Ageing, Savings, and Financial Markets
The three topics listed in this entry title are the source of much debate at the moment in academic and institutional circles. There is a good reason for this since the global process of ageing in the developed world will effect (dis)-savings and asset accummulation behavior which again will effect financial markets and asset prices. The key is to find how this development will play out and how institutions and economies should adopt. One of the prominent discourses on this topic revolves around the notion of rapid dis-savings and the effects of a process of rapid dis-savings as the world's baby boomers retire. This would then entail, according to some, a financial market meltdown as pension funds attempt to realize their assets all at once. But is this really a plausible scenario?

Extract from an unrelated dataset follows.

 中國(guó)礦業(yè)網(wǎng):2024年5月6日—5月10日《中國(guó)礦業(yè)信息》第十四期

I think not and neither does Mr Erkki Liikanen governor of the Bank of Finland who in a recent speech at an international conference in Helsinki makes a whole lot of sense in m opinion in terms of how ageing will affect financial markets and in general how 'all this' will play out so to speak. Obviously it is difficult to say whether he is right or wrong but especially the differentiation levied on the rapid dissavings hypothesis is very important in my opinion.
Here is the intro ...
Today, I'd like to discuss the importance of pension savings as a source of finance on the international financial markets. I will also take a look at the impact of changing population structure and pension reforms on the determination of real interest rates internationally. In that context, I shall also present estimation results of the Bank of Finland Dynamic General Equilibrium Model, which analyses the consequences of ageing for overall economic dynamics.
Note also in particular this on the idea of rapid dis-saving ...

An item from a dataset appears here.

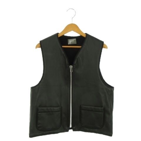 メンズビギ MEN'S BIGI フェイクレザーベスト M 黒 ブラック 裏ボア ジップアップ /AO7 ■GY99

The impact that the retirement of the baby-boomers will have on the financial markets will be softened by at least three factors. In the first place, some commentators have drawn attention to the fact that pensioners' actual consumption behaviour does not seem to be the same as assumed in the models: pensioners do not realise their assets with anything like the speed the theoretical models would lead us to believe.
I think this is an extremely important point since we really don't know and your standard asset accumulation model does indeed tend to predict dis-saving at a speed which does not seem reasonable. Another thing is the point about the 'two forces' which will shape savings in the future which also is very important to include in our calibrations. Clearly any general equilibrium model which promises to predict things in 2030 should of course be taken with a pinch of salt but the underlying assumptions are very much to the point I think ...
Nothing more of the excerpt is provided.